■ **WORK TO BE COMPLETED**:
With the pictures left out, retype exactly the lines below starting at the line that contains "Seals-It has designed" and ending at the line that contains "Crewneck Sweatshirt –".

■ **AVAILABLE DATA**:
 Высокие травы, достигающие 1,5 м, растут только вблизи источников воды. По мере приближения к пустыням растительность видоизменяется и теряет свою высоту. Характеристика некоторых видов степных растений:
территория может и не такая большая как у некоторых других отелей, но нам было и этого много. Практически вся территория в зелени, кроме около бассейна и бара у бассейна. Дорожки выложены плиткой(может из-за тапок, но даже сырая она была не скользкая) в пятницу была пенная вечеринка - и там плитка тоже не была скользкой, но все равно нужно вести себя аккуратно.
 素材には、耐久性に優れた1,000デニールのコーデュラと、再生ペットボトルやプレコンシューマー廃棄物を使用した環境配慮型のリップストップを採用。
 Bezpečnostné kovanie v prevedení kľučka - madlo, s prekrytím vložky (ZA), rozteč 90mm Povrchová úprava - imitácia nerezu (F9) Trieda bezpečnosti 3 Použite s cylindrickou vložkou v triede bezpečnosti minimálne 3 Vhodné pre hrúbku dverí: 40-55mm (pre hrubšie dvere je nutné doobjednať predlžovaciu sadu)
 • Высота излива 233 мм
* * *
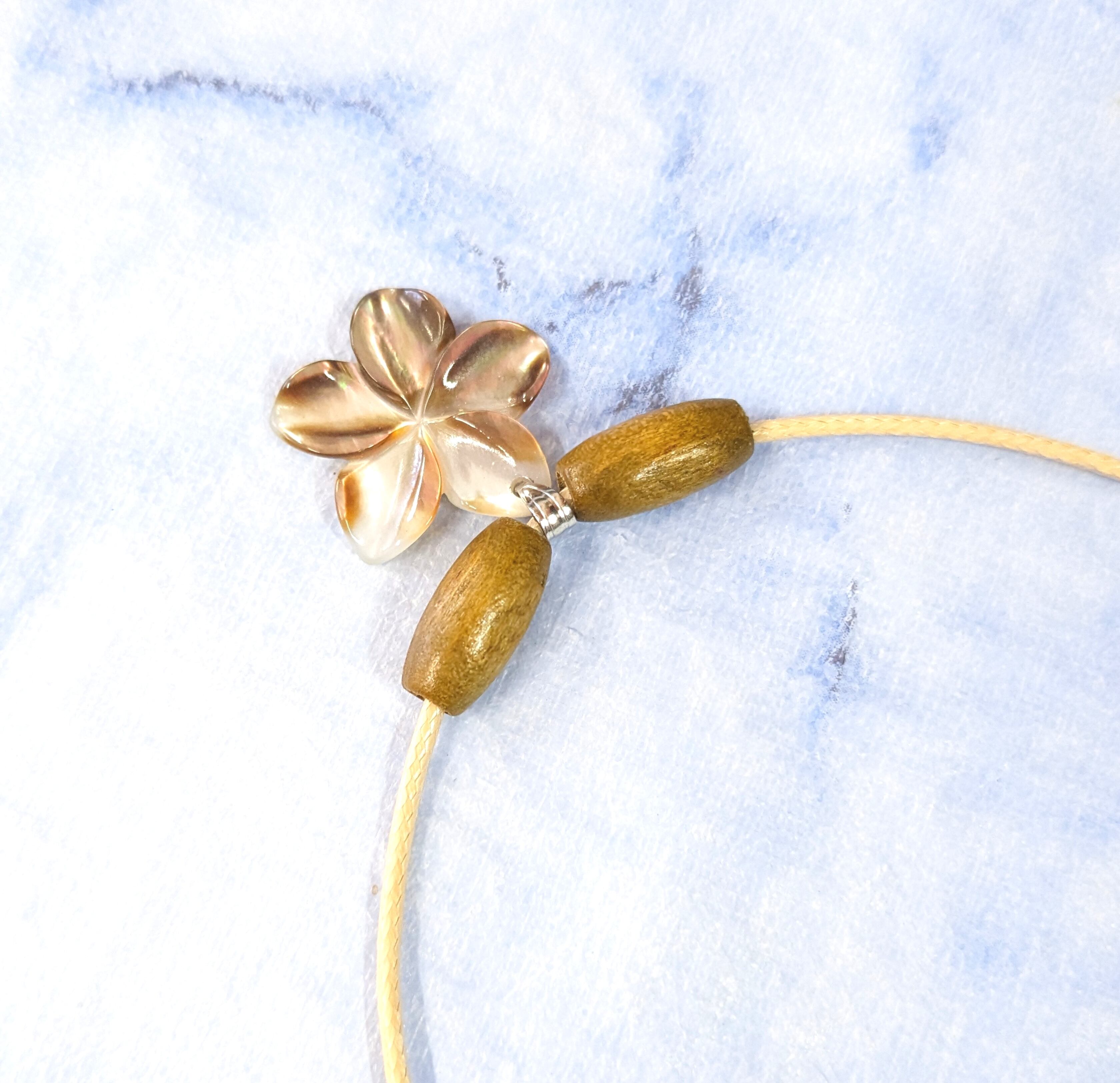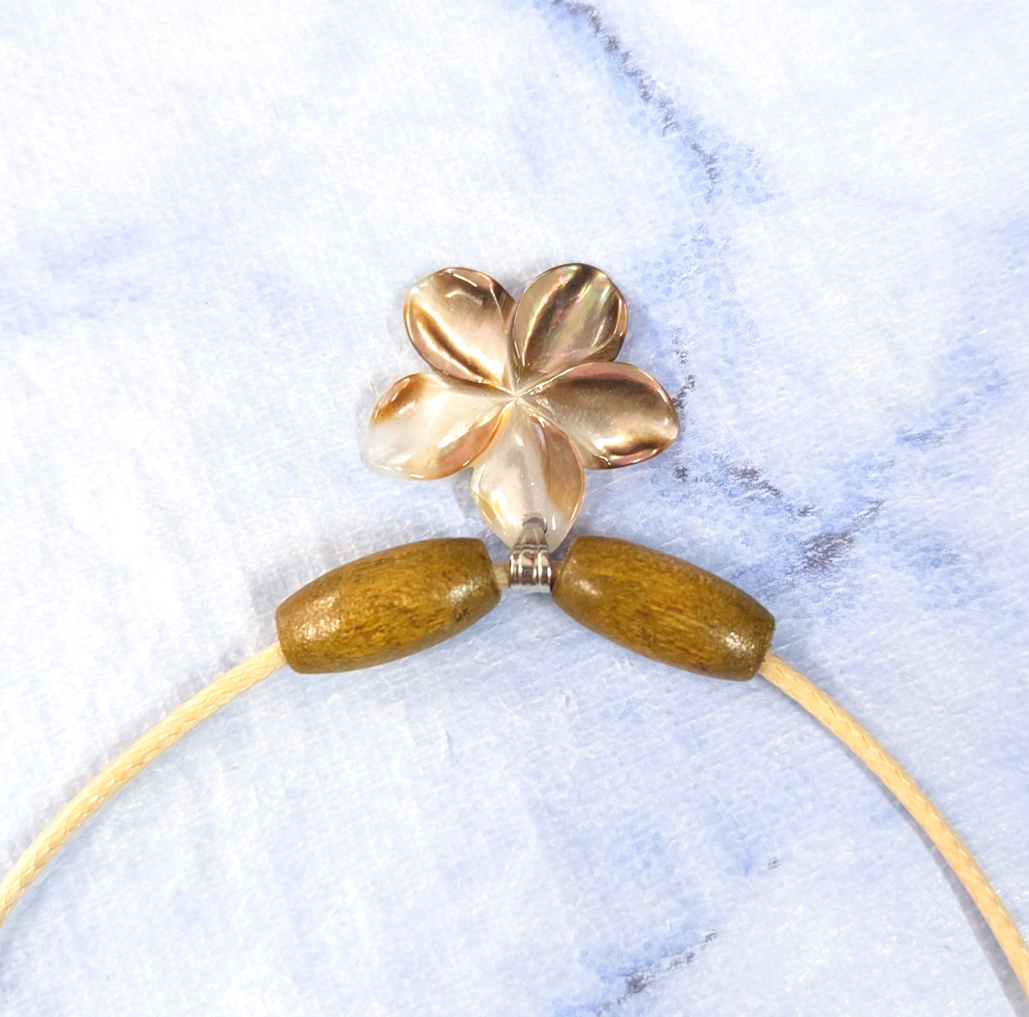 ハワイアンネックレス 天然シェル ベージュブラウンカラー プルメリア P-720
==
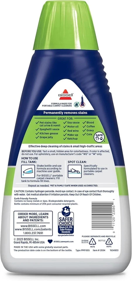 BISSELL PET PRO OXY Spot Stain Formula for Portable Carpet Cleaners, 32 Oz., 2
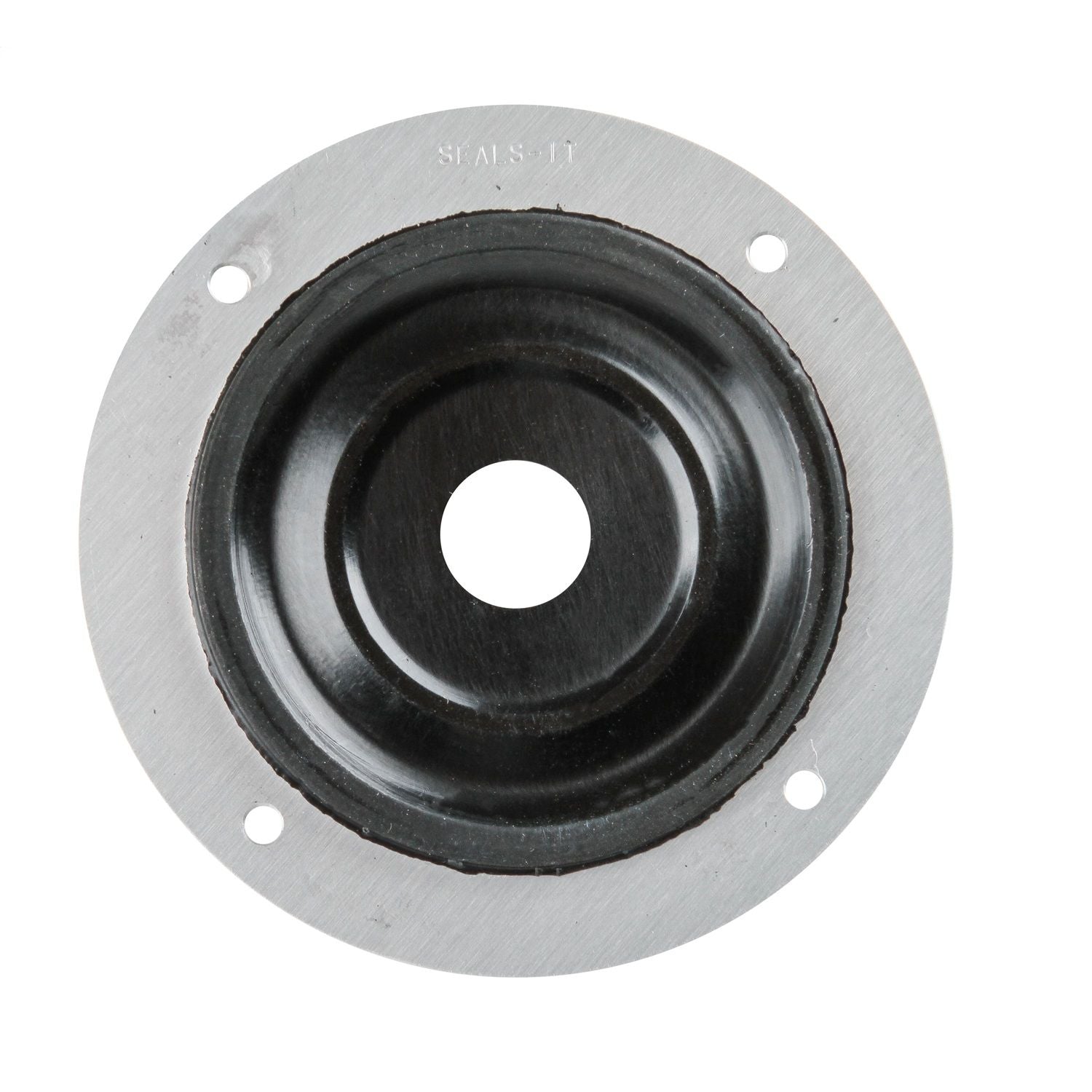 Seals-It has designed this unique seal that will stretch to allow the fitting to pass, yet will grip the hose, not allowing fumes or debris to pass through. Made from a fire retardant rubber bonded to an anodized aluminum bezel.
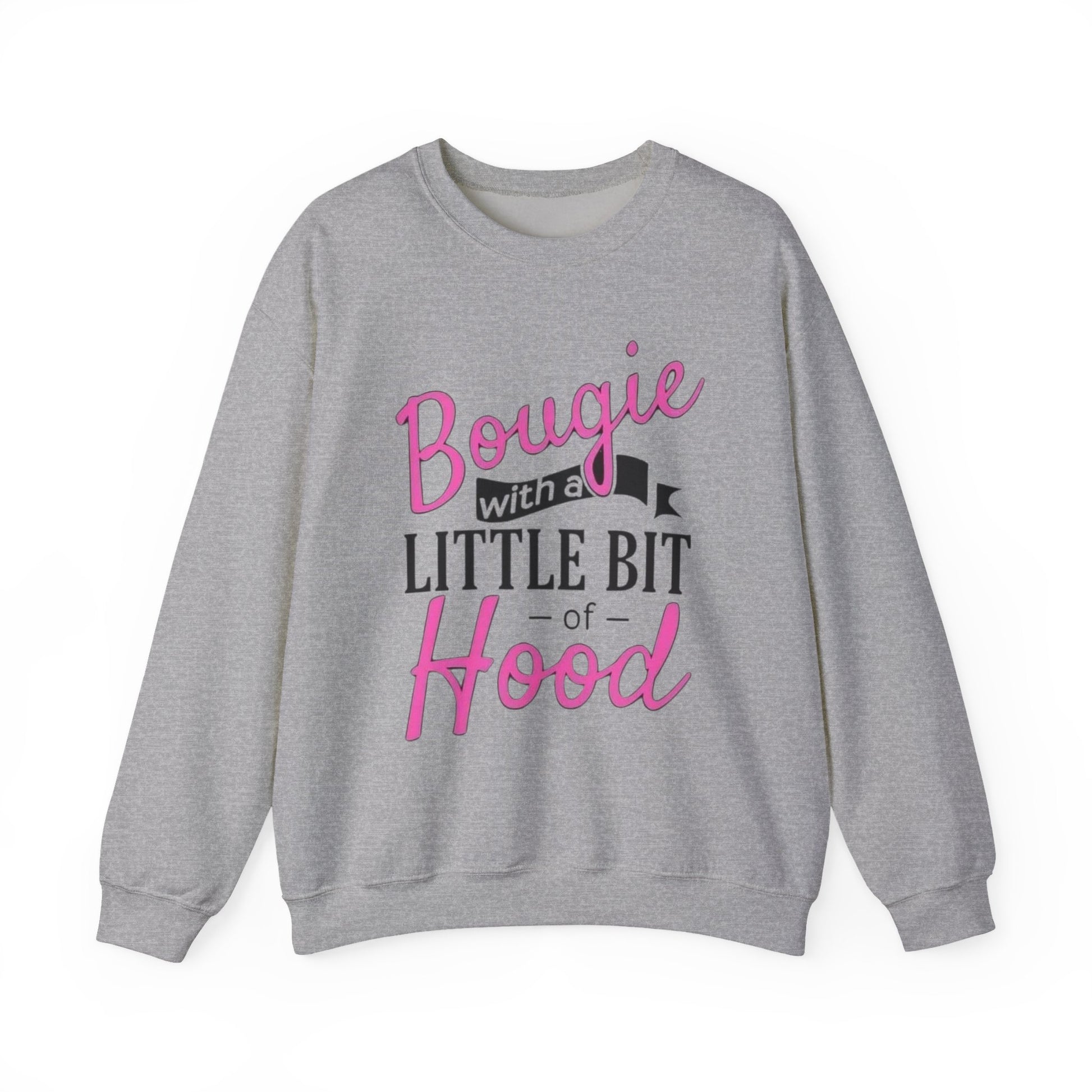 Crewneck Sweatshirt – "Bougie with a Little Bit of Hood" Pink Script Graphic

■ **EXERCISE ANSWER**:
 Seals-It has designed this unique seal that will stretch to allow the fitting to pass, yet will grip the hose, not allowing fumes or debris to pass through. Made from a fire retardant rubber bonded to an anodized aluminum bezel.
 Crewneck Sweatshirt – "Bougie with a Little Bit of Hood" Pink Script Graphic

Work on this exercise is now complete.